With atomic transactions, there is a strong division of function between an application and coordination. The application determines which services are included in the transaction, and when to either commit or abort. After this, coordination takes over deciding the outcome without application involvement.

An atomic transaction provides a simple programming model abstraction by making the following assumptions:

  • Updates are hidden (isolated) until they are committed. For even the weakest database isolation levels, write locks are held on updated data until the end of the transaction, so that updates are hidden from view by other transactions until commit. When a transaction spans multiple systems using 2PC, all of these systems hold write locks until commit, so the systems must trust each other to be responsive.
  • There is a single all-or-nothing decision for all participants. Any one of the systems can abort the entire atomic transaction, so these systems must trust each other to have cooperative intentions.
  • The 2PC protocol also requires that services in the Prepare phase waiting for the final outcome to be communicated by the coordinator do not drop unilaterally their participation in the activity. This is quite a stringent constraint, as the Prepare phase may be of long duration, so these systems must trust each other to be responsive.

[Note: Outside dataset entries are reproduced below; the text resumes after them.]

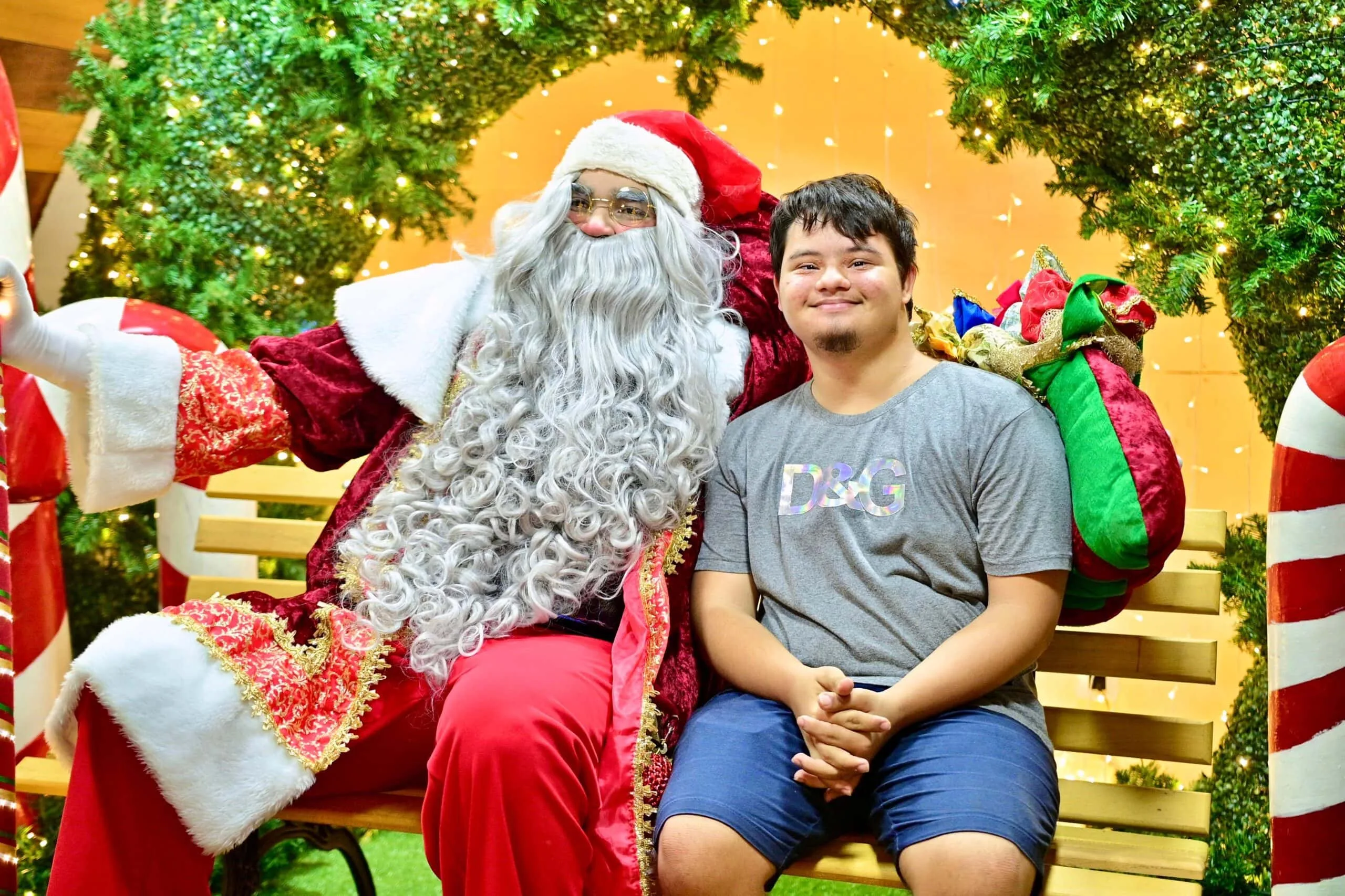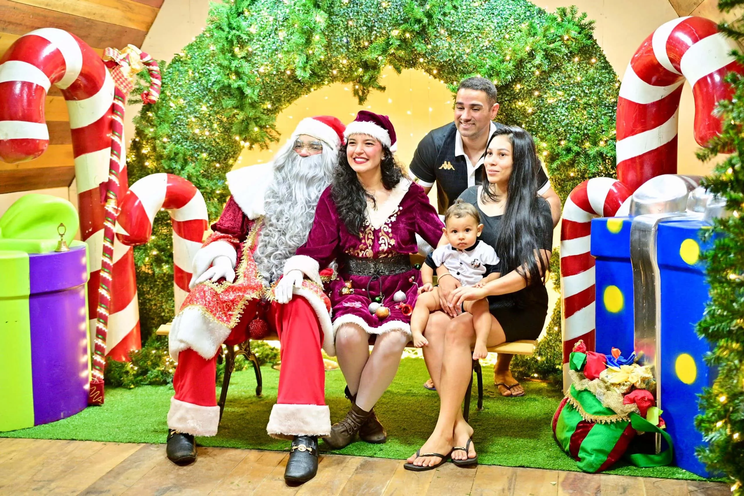 Luand Gadelha trouxe o filho, ainda de colo, para conhecer o Papai e a Mamãe Noel, garantindo à criança boas memórias desde cedo. Para ele, o fim de ano é um momento especial para celebrar a família e refletir sobre as coisas boas da vida ao lado de quem se ama.
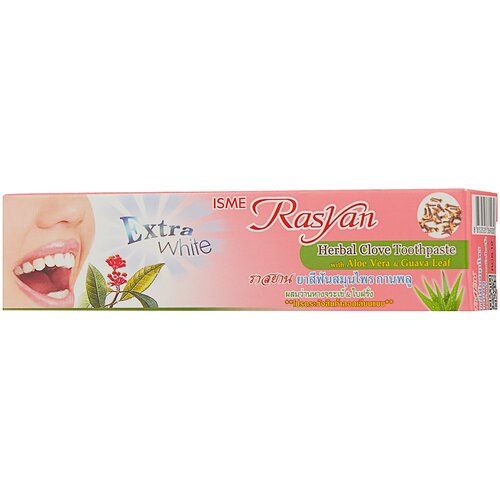 ISME Rasyan Herbal Clove Toothpaste with Aloe Vera & Guava Leaf отбеливающая зубная паста с гвоздикой, алоэ вера и листьями гуавы. Знаменитая отбеливающая зубная паста с экстрактом Алоэ Вера и листьев Гуавы, создана на основе натуральных, природных компонентов и эфирных масел.
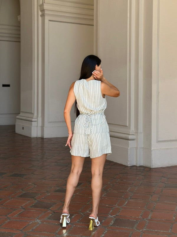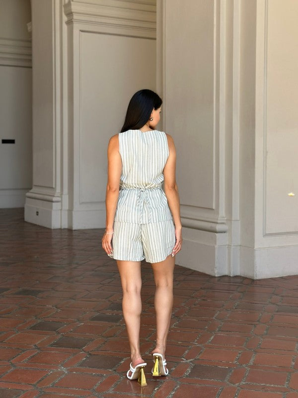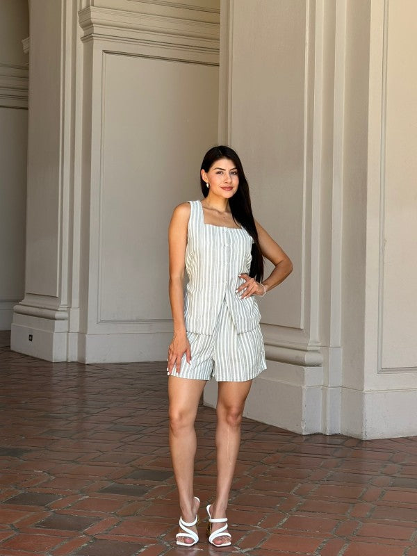 Linen Stripe Pocketed Shorts and Button-Down Vest Set
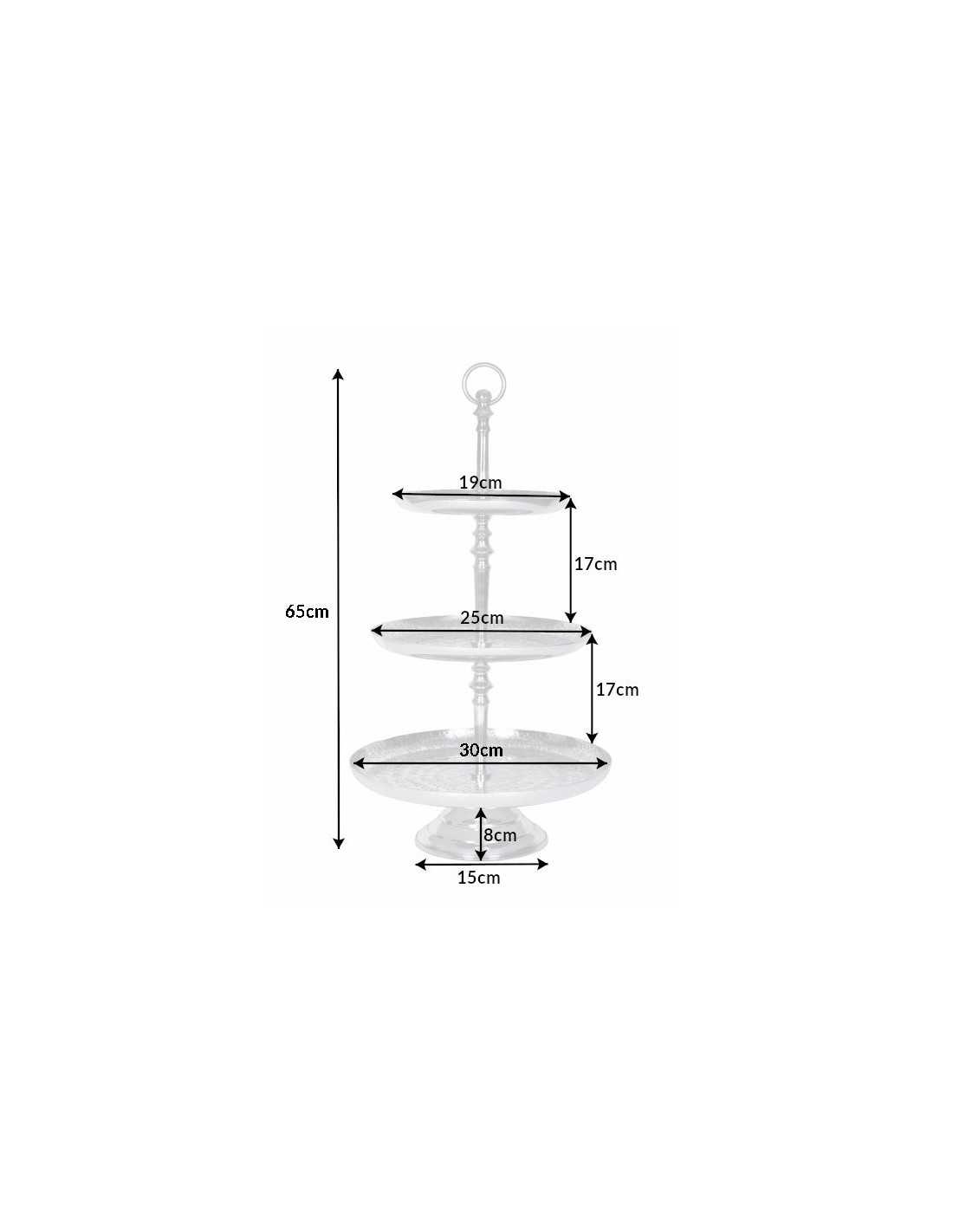 Lyra etagère förvandlar dukningen till en liten galax av glans. Med tre våningar i skimrande silver blir den en elegant mittpunkt på bordet och lyfter allt från fika till festliga desserter. Denna etagère i metall-aluminiumlegering är både stabil och stilren, med en vacker hamrad yta som ger ett levande ljusspel. Perfekt som serveringsfat, kakfat eller dekorationsställ i vardagsrum, kök eller matsal. Den hamrade silverfinishen ger en tidlös, orientalisk känsla som passar lika bra i en modern som klassisk inredning. Tack vare den robusta konstruktionen står etagèren stadigt även när alla tre brickor är fullt lastade. Mått: Bredd x Höjd x Djup: 30 x 65 x 30 cm
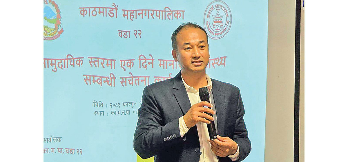 काठमाडौं महानगरपालिका वडा नं २२ ले बिहीबार ‘मानसिक स्वास्थ्य आजको आवश्यकता’ नाराका साथ एकदिने मानसिक स्वास्थ्य सचेतना कार्यक्रम आयोजना गरेको छ। सत्व माइन्ड क्लिनिकको सहकार्यमा आयोजित कार्यक्रममा मानसिक स्वास्थ्यका विविध पक्षबारे जानकारी दिइएको थियो।

An atomic transaction should not span systems that cannot establish these forms of mutual trust.

The 2PC protocol further requires that the Expires time in the CoordinationContext be interpreted as follows: if the expiration time is reached before the end of the Prepare Phase of the 2PC, then the transaction has to abort. Once the Prepare Phase of 2PC has completed, the Expires time has no influence in the outcome of the transaction. In effect, it is ignored from then on.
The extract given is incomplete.